(Collected data entries)
.....
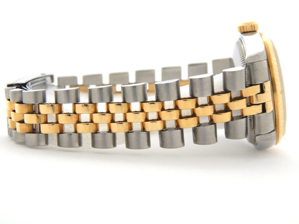 | Band | Rolex two-tone 18k yellow gold and stainless steel Jubilee bracelet with Rolex signed clasp. Very very loose stretch and wear. The end-pieces are aftermarket. |
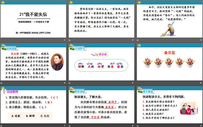 关键词:部编人教版三年级语文下册PPT课件免费下载,我不能失信PPT下载,.PPT格式;
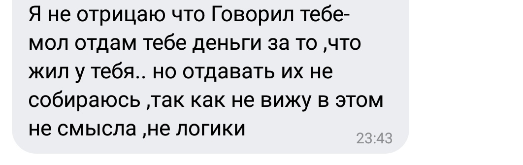 Жил у меня коллега по работе. Разошёлся со своей дамой сердца, проблемы по деньгам, кредиты, попросился на время. Ну мне что, жалко? Только ты пользуешься ресурсами, будь добр закинуть какую-то денежку, ок? Ок. Месяц-полтора он прожил, потом резко уволился одним днём и улетел в Питер. Через джва года волей судеб оказался там же, решил напомнить про обещанное. Итог ниже
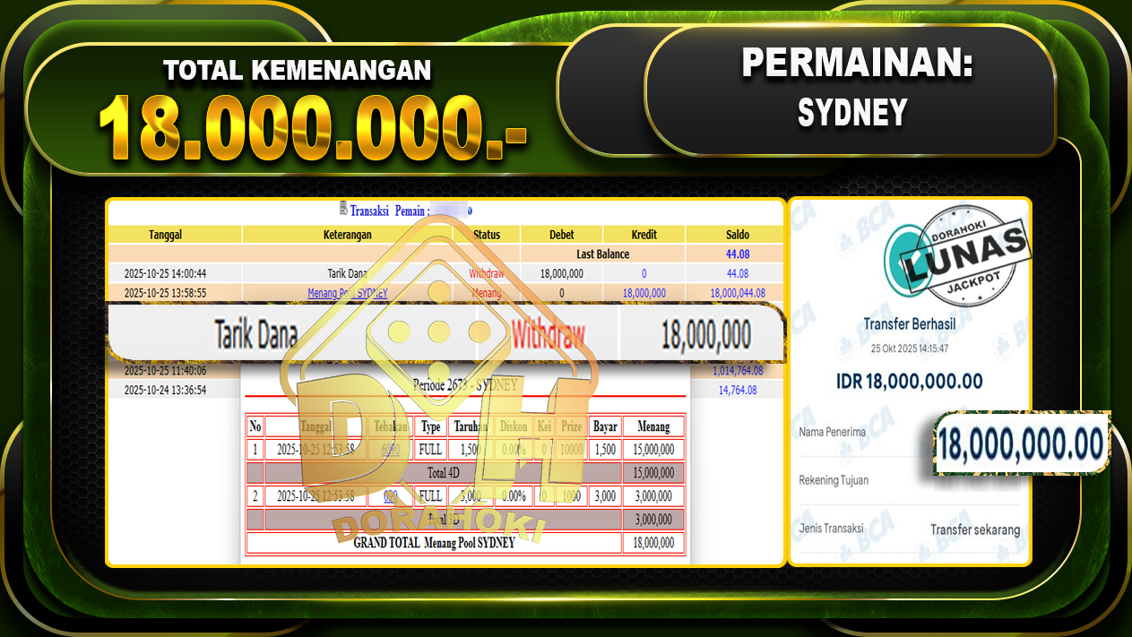 Bukti JP TOGEL SYDNEY – ucapkan selamat kepada user id capxxx atas kemenangan di TOGEL SYDNEY dengan total kemenangan Rp.18,000,000,- Yang pasti nya langsung LUNAS sesuai bukti ya bosku. Dorahoki nih bosku berapapun akan tetap kami bayar lunas ya bosku
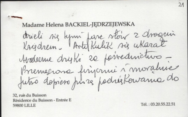 Opis: | Niedatowany list H. Backiel-Jędrzejewskiej. |
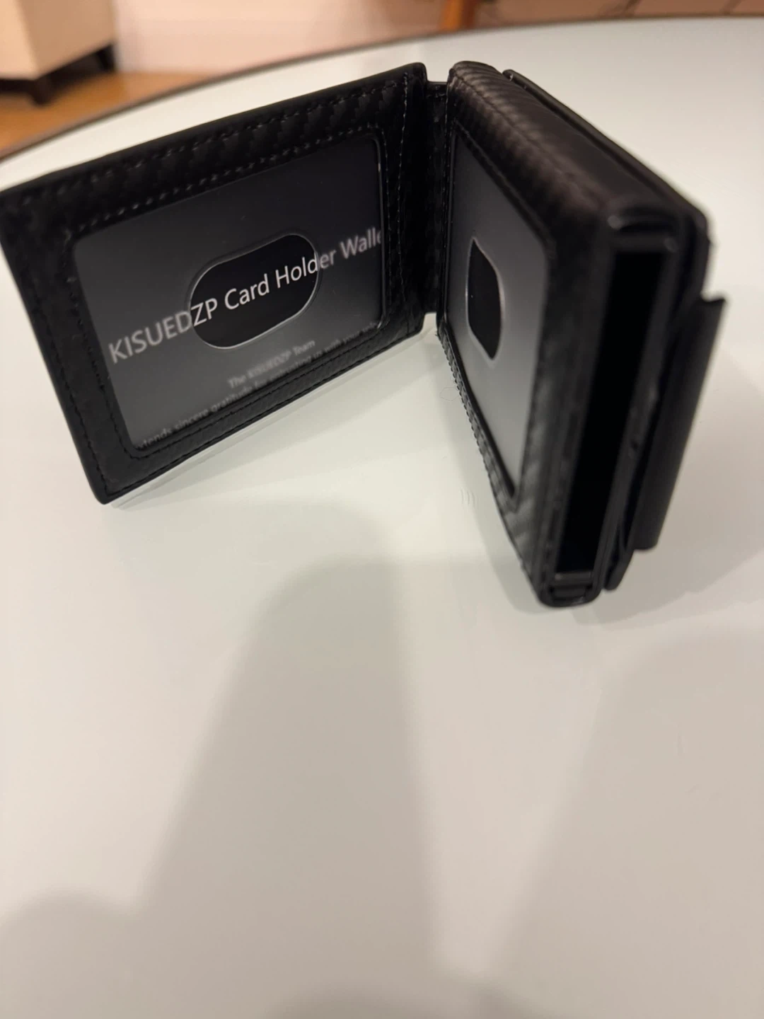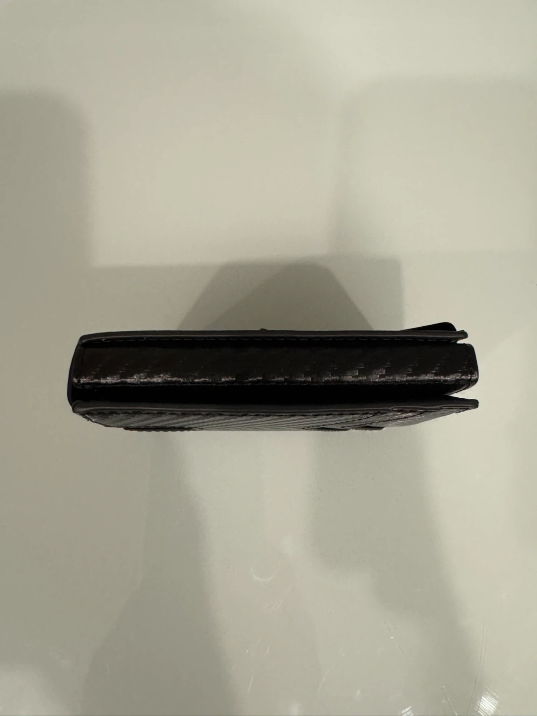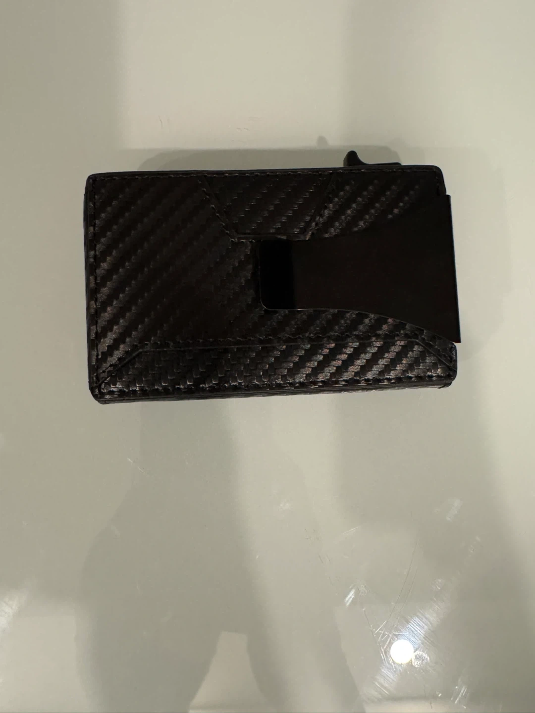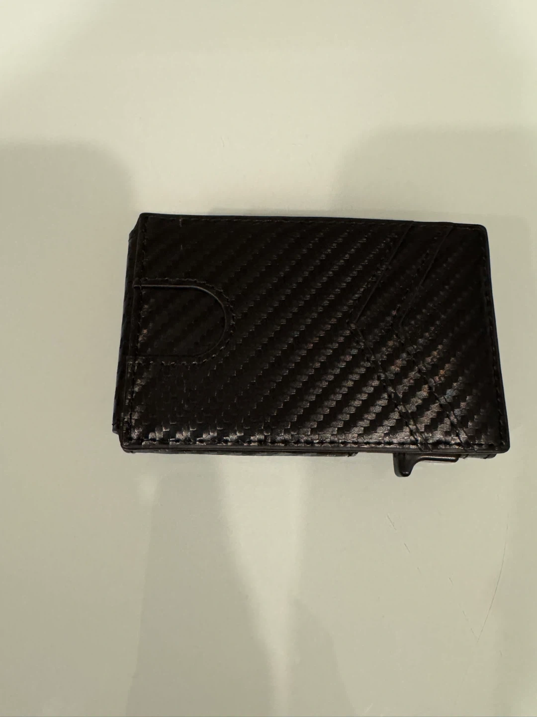This is a black card holder wallet. It's made of leather and carbon fiber material. It features multiple card slots and a money clip. It’s a pop up card holder and has RFID chip.
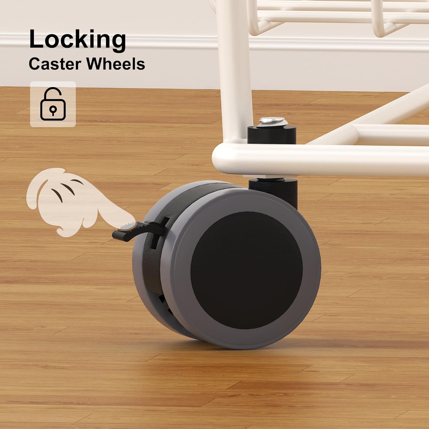 • 【Easy to Assemble】The previous wheel defect problem has been solved! No hassle setup. Simply slide each Storage Basket bottom into the top of another, you could set the rack very well, apply the 4 upgraded wheels according to your needs. Two of the casters are lockable, to keep the storage organizer securely in place when needed. Picture instructions also included with product
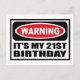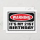 Aviso É meu cartão-postal ANIVERSÁRIO DE 21 ANOS, que você pode personalizar em www.WarningSignShirts.com e apresenta um sinal de aviso vermelho e preto e IT É meu ANIVERSÁRIO DE 21 ANOS em letras negros para avisar o mundo. Você também pode personalizar seu próprio sinal de aviso Cartão postal com o texto desejado.
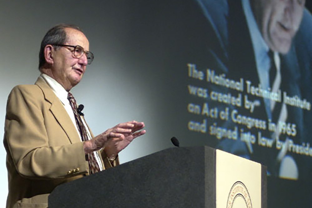 RIT Vice President Emeritus Alfred Davis showcased his knowledge of RIT and its history in a talk to the community, Sept. 17, discussing RIT's early history and those who helped make the university a reality. In his time at RIT, Davis served four of RIT's presidents and is a graduate of RIT's Class of 1941. The presentation was sponsored by the Nathaniel Rochester Society. -
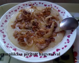 Készen sűrű kása állagúnak kell lennie.A hagymaszeleteket pirosra sütöttem.
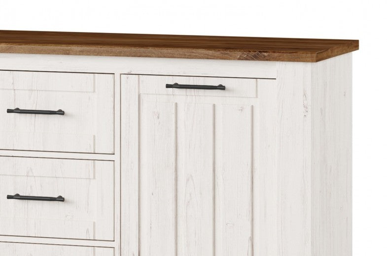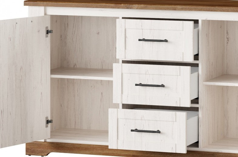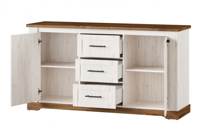 Commode, avec 3 tiroirs et 2 portes Country 45 Blanc / Chêne, l163xA45xH89 cm
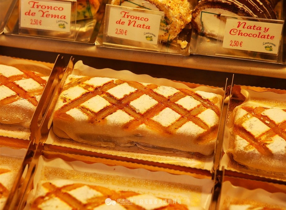法式糕点店Limon y Menta,我要在这里找寻一种柠檬口味的塞哥维亚蛋糕(ponche segoviano),其实店铺的LOGO就是一个显而易见的柠檬。蛋糕上面有杏仁蛋白软糖,并用糖霜点缀着十字交叉的图案。小块3欧,下面这种一长条的12欧。
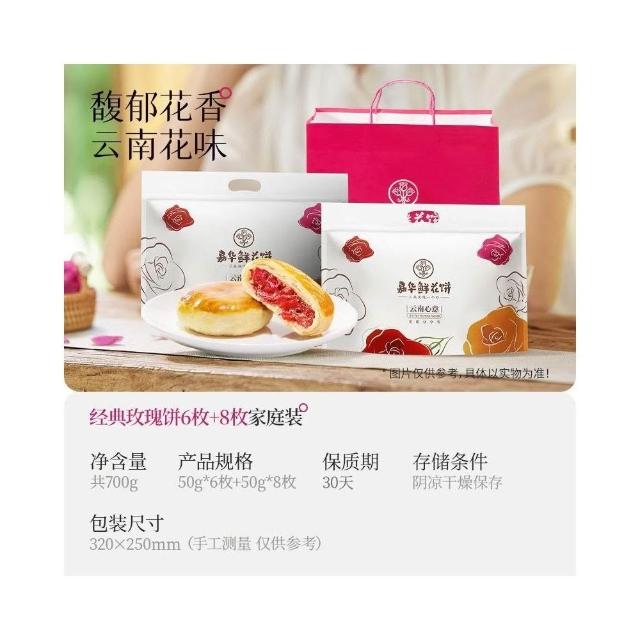 珍軒品【嘉华】鲜花饼经典玫瑰饼50g*14枚家庭装玫瑰鲜花云南糕点心零食
.....
**Work task:** All of the entries above should be retyped exactly, with the pictures left out.

**Answer space:**
 | Band | Rolex two-tone 18k yellow gold and stainless steel Jubilee bracelet with Rolex signed clasp. Very very loose stretch and wear. The end-pieces are aftermarket. |
 关键词:部编人教版三年级语文下册PPT课件免费下载,我不能失信PPT下载,.PPT格式;
 Жил у меня коллега по работе. Разошёлся со своей дамой сердца, проблемы по деньгам, кредиты, попросился на время. Ну мне что, жалко? Только ты пользуешься ресурсами, будь добр закинуть какую-то денежку, ок? Ок. Месяц-полтора он прожил, потом резко уволился одним днём и улетел в Питер. Через джва года волей судеб оказался там же, решил напомнить про обещанное. Итог ниже
 Bukti JP TOGEL SYDNEY – ucapkan selamat kepada user id capxxx atas kemenangan di TOGEL SYDNEY dengan total kemenangan Rp.18,000,000,- Yang pasti nya langsung LUNAS sesuai bukti ya bosku. Dorahoki nih bosku berapapun akan tetap kami bayar lunas ya bosku
 Opis: | Niedatowany list H. Backiel-Jędrzejewskiej. |
This is a black card holder wallet. It's made of leather and carbon fiber material. It features multiple card slots and a money clip. It’s a pop up card holder and has RFID chip.
 • 【Easy to Assemble】The previous wheel defect problem has been solved! No hassle setup. Simply slide each Storage Basket bottom into the top of another, you could set the rack very well, apply the 4 upgraded wheels according to your needs. Two of the casters are lockable, to keep the storage organizer securely in place when needed. Picture instructions also included with product
 Aviso É meu cartão-postal ANIVERSÁRIO DE 21 ANOS, que você pode personalizar em www.WarningSignShirts.com e apresenta um sinal de aviso vermelho e preto e IT É meu ANIVERSÁRIO DE 21 ANOS em letras negros para avisar o mundo. Você também pode personalizar seu próprio sinal de aviso Cartão postal com o texto desejado.
 RIT Vice President Emeritus Alfred Davis showcased his knowledge of RIT and its history in a talk to the community, Sept. 17, discussing RIT's early history and those who helped make the university a reality. In his time at RIT, Davis served four of RIT's presidents and is a graduate of RIT's Class of 1941. The presentation was sponsored by the Nathaniel Rochester Society. -
 Készen sűrű kása állagúnak kell lennie.A hagymaszeleteket pirosra sütöttem.
 Commode, avec 3 tiroirs et 2 portes Country 45 Blanc / Chêne, l163xA45xH89 cm
法式糕点店Limon y Menta,我要在这里找寻一种柠檬口味的塞哥维亚蛋糕(ponche segoviano),其实店铺的LOGO就是一个显而易见的柠檬。蛋糕上面有杏仁蛋白软糖,并用糖霜点缀着十字交叉的图案。小块3欧,下面这种一长条的12欧。
 珍軒品【嘉华】鲜花饼经典玫瑰饼50g*14枚家庭装玫瑰鲜花云南糕点心零食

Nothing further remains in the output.